Just trying to branch the genre out,,, the format is out of the norm a little for me.
Tell me what you think.
Sweet, sweet one
Have patience please
Take it easy and be free, I am always here to talk to
I will love you like I ought to
Sweet child,
My glowing pride for your presence are the reflections of you
Your lovable smile, your honest truth
Even your anger, for it shows the fight in you
Don't miss me when I am missing, for I will miss you
My prayers to the heavens will send ghosts to whisper my love
My love, my love is what you are
If you need me near just ask, I will wipe away tears or share laughs, I will hug, I will smile and work my heart out to see you past
Because when you shine, it is my attention you grasp.
Ooooo, this was wonderfull!
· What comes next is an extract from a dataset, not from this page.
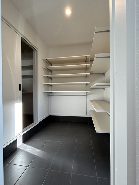 また、奥にはパントリーを設け、食品や日用品のストックを効率よく収納できるなど、充実した収納計画で、すっきりとした暮らしを実現しました。

Like a father speaking to a daughter, his pride and joy!
I like the form to, reminds me of steps rising higher into the heart of your love.
One little opps though..."Prayers" not "Preyers"
I loved it Matthius!
Keep exploring this each and every new aspect of your inner self!
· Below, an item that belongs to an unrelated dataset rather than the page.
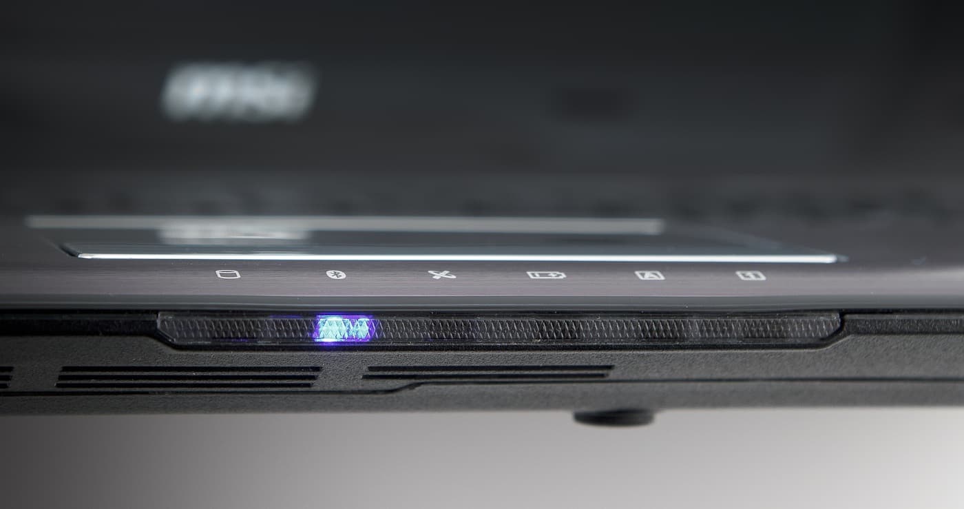Начнем с индикаторов. Они расположены перед тачпадом, поэтому не перекрываются при печати. Индикаторы собраны под единую прозрачную пластину, смотрящую вперед.

This write is wonderful, the structure is great, the flow of it is perfect, in my opinion, and the message is outstanding. You have such a way with showing us, the readers, exactly how you feel. You reveal your self to us willingly and succinctly. You are beautiful, absolutely beautiful, Matweh.
"Because when you shine, it is my attention you grasp."
That makes me smile:P Because ravens like shiney things...
So very lovely and so full of love. I love this line, "My glowing pride for your presence are the reflections of you". We so often see ourself in the ones we love. Beautiful written from a heart that knows love.
Stanza 1, last line: "too" = "to"
Stanza 3, line 2: "preyers" = "prayers"
We all do it from time to time! If you catch my goofs, please let me know!
"Your lovable smile, your honest truth
Even your anger, for it shows the fight in you"
Great lines! You have to like that spunk!
This is a wonderful tribute. It shows warmth and affection in a very caring fashion. I like the change of format, but I liked the older stuff as well. Keep it up!
Ooooo, this was wonderfull! Like a father speaking to a daughter, his pride and joy!
I like the form to, reminds me of steps rising higher into the heart of your love.
One little opps though..."Prayers" not "Preyers"
I loved it Matthius!
Keep exploring this each and every new aspect of your inner self!